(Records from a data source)

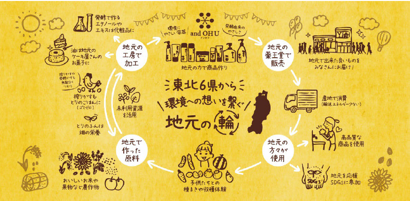 「and OHU(アンオフ)」は薬王堂ホールディングスグループと、岩手県奥州市にラボを持ち独自の発酵技術で未利用資源を再生・循環させる社会を構築する研究開発型スタートアップのファーメンステーションが共同開発したコスメ。東北の自然素材や副産物などの未利用資源をアップサイクルした素材を使い、発酵由来の機能性豊かな原料を抽出した。生産工程で出る発酵粕も無駄なく使う取り組みなど、環境に配慮したモノづくりから誕生した。
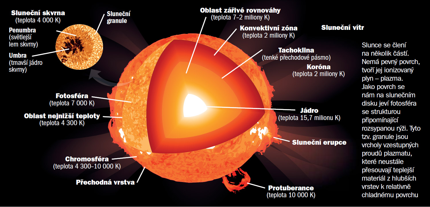 Slunce se člení na několik částí. Nemá pevný povrch, tvoří jej ionizovaný plyn – plazma. Jako povrch se nám na slunečním disku jeví fotosféra se strukturou připomínající rozsypanou rýži. Tyto tzv. granule jsou vrcholy vzestupných proudů plazmatu, které neustále přesouvají teplejší materiál z hlubších vrstev k relativně chladnému povrchu
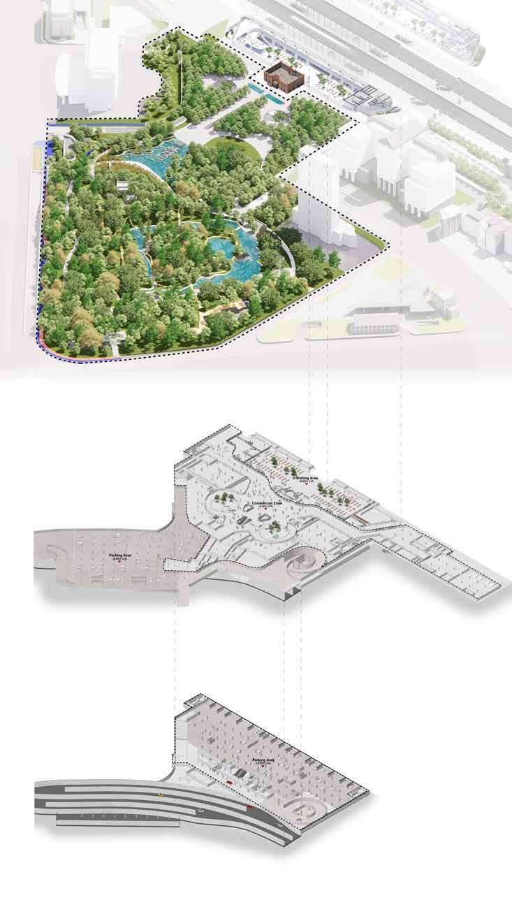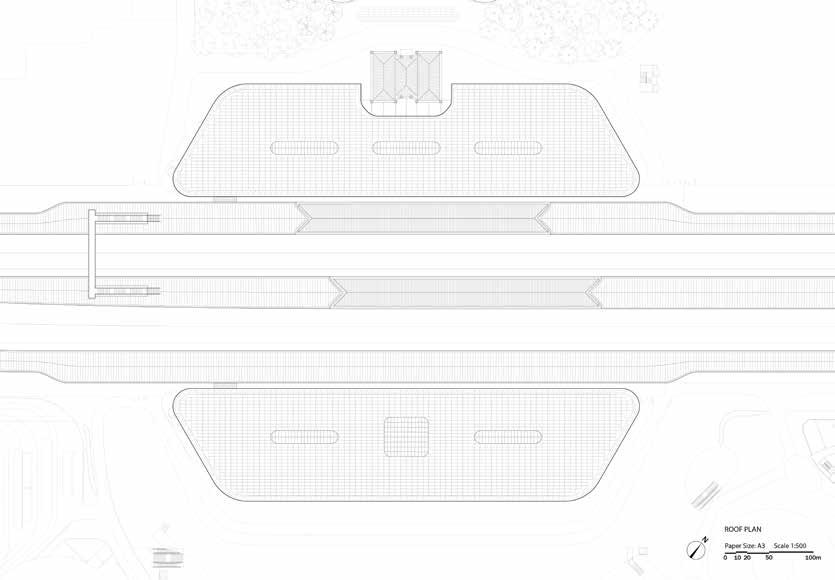 The train station is situated in the center of Jiaxing, an interconnected city in southeast China close to Shanghai, Hangzhou, and Suzhou. In 1921, the First Party Congress of the Communist Party of China was held in Jiaxing, which led to the founding of the Party. The project brief covers an area of 35.4 hectares, encompassing Jiaxing Train Station, the pla zas to the north and south, and a renovation of the adjacent People’s Park. Drawing inspi ration from Jiaxing’s historic and cultural contexts, MAD’s proposal includes a 1:1 rebuild ing of the historic station building derived from archival studies, while creating a new train station underground. The new station will be bright, efficient, and human-scaled, with a flood of natural light to create a friendly, comfortable environment. The main transportation and commercial functions are to be located in the basement level, allowing the groundfloor space to be given back to nature. A shared space between Jiaxing’s citizens and travelers, this new green urban center will transform into a “train station in the forest.”
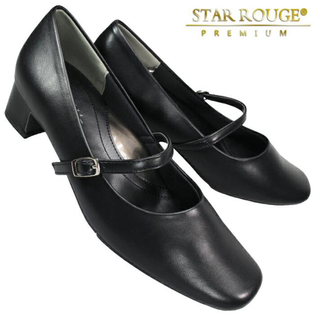 スタールージュ ストラップ付きパンプス LC3319 ブラック 22cm〜25cm 履きやすい フレキシブル 静音 黒 滑りにくい 抗菌防臭 合成皮革 STAR ROUGE
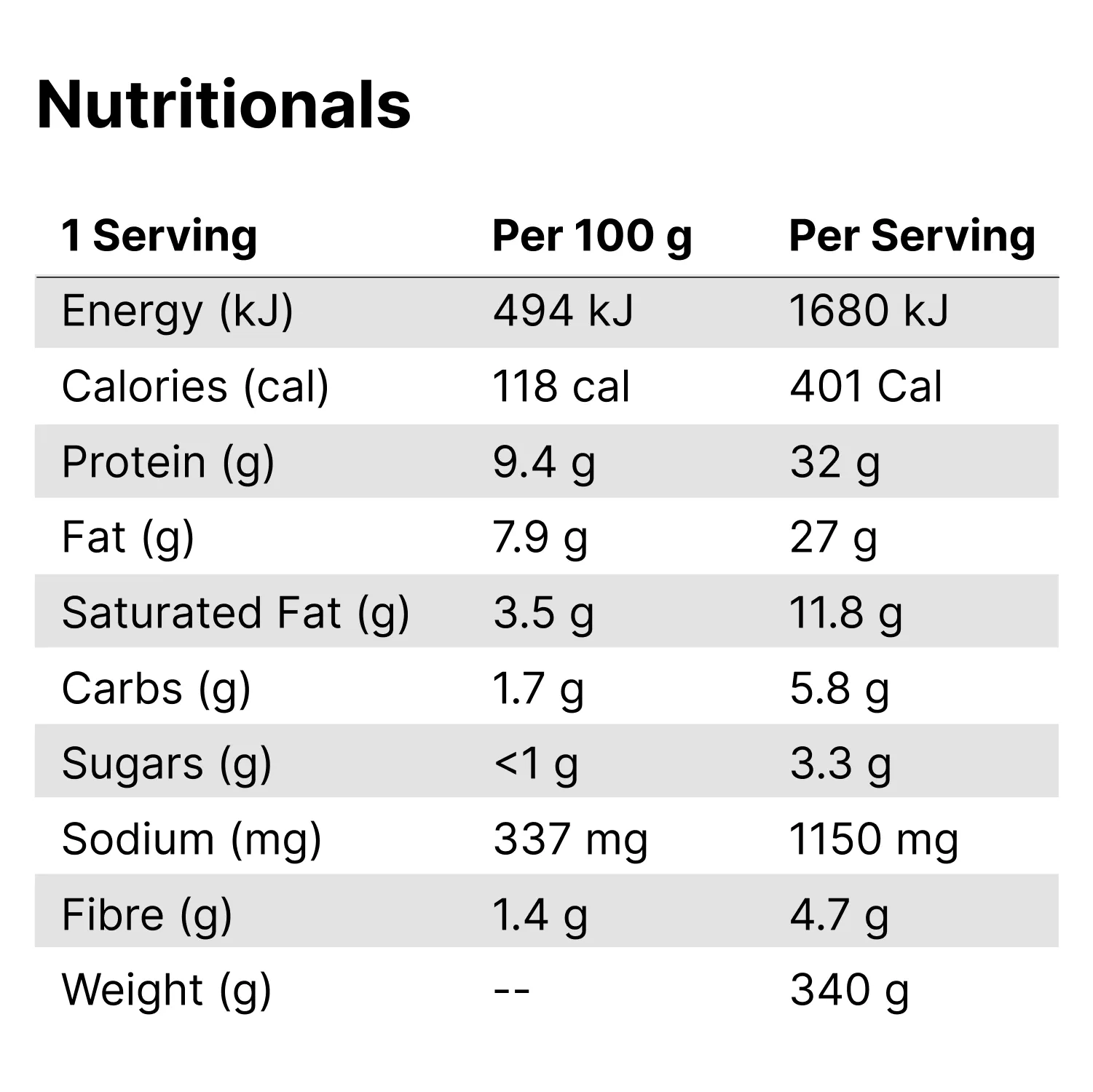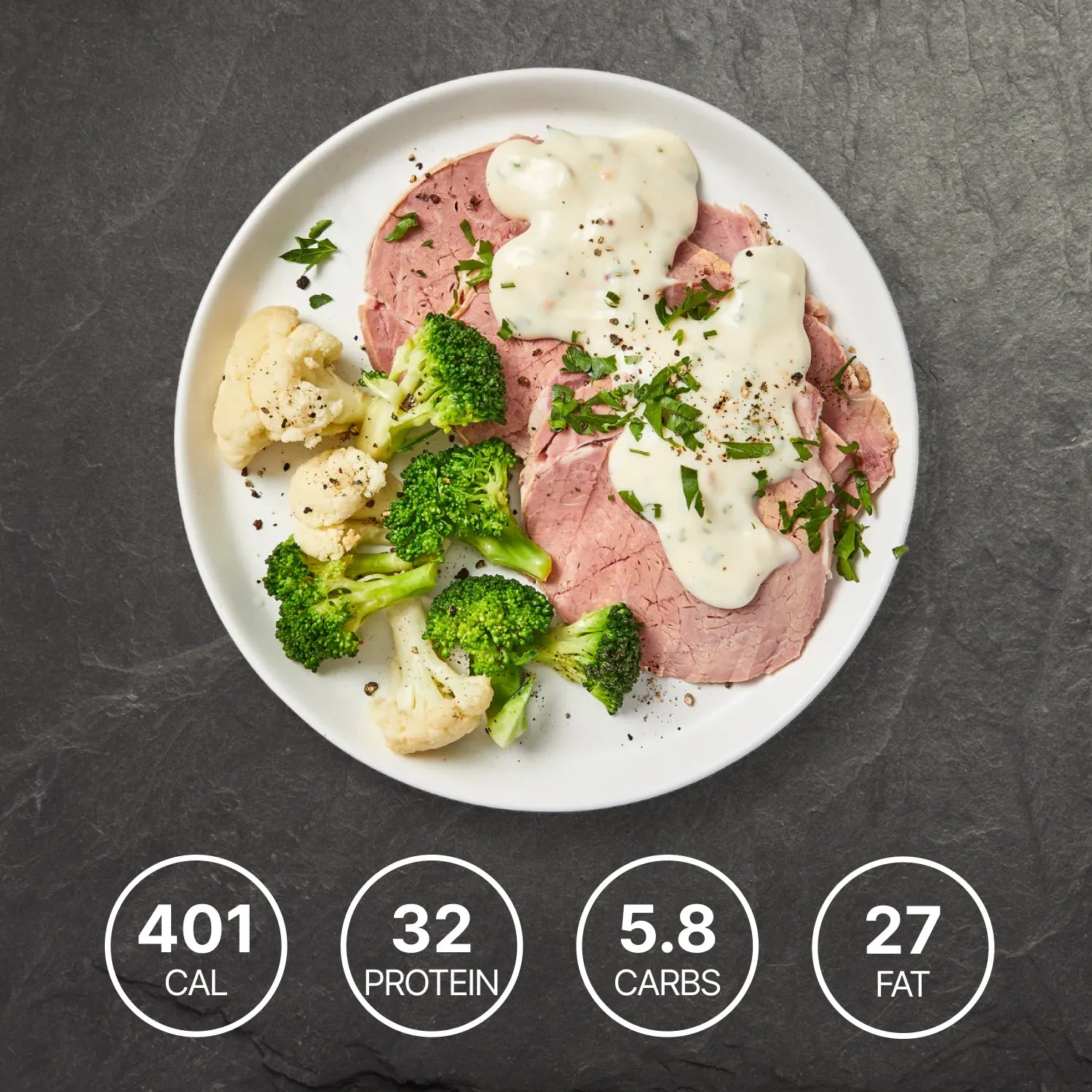 Slices of corned beef topped with a traditional creamy white sauce infused with parsley, served with fresh cauliflower and broccoli.

__Directions for this task__: From the first line to the last, set down the data exactly, without the pictures.

__Exercise solution__:
 「and OHU(アンオフ)」は薬王堂ホールディングスグループと、岩手県奥州市にラボを持ち独自の発酵技術で未利用資源を再生・循環させる社会を構築する研究開発型スタートアップのファーメンステーションが共同開発したコスメ。東北の自然素材や副産物などの未利用資源をアップサイクルした素材を使い、発酵由来の機能性豊かな原料を抽出した。生産工程で出る発酵粕も無駄なく使う取り組みなど、環境に配慮したモノづくりから誕生した。
 Slunce se člení na několik částí. Nemá pevný povrch, tvoří jej ionizovaný plyn – plazma. Jako povrch se nám na slunečním disku jeví fotosféra se strukturou připomínající rozsypanou rýži. Tyto tzv. granule jsou vrcholy vzestupných proudů plazmatu, které neustále přesouvají teplejší materiál z hlubších vrstev k relativně chladnému povrchu
 The train station is situated in the center of Jiaxing, an interconnected city in southeast China close to Shanghai, Hangzhou, and Suzhou. In 1921, the First Party Congress of the Communist Party of China was held in Jiaxing, which led to the founding of the Party. The project brief covers an area of 35.4 hectares, encompassing Jiaxing Train Station, the pla zas to the north and south, and a renovation of the adjacent People’s Park. Drawing inspi ration from Jiaxing’s historic and cultural contexts, MAD’s proposal includes a 1:1 rebuild ing of the historic station building derived from archival studies, while creating a new train station underground. The new station will be bright, efficient, and human-scaled, with a flood of natural light to create a friendly, comfortable environment. The main transportation and commercial functions are to be located in the basement level, allowing the groundfloor space to be given back to nature. A shared space between Jiaxing’s citizens and travelers, this new green urban center will transform into a “train station in the forest.”
 スタールージュ ストラップ付きパンプス LC3319 ブラック 22cm〜25cm 履きやすい フレキシブル 静音 黒 滑りにくい 抗菌防臭 合成皮革 STAR ROUGE
 Slices of corned beef topped with a traditional creamy white sauce infused with parsley, served with fresh cauliflower and broccoli.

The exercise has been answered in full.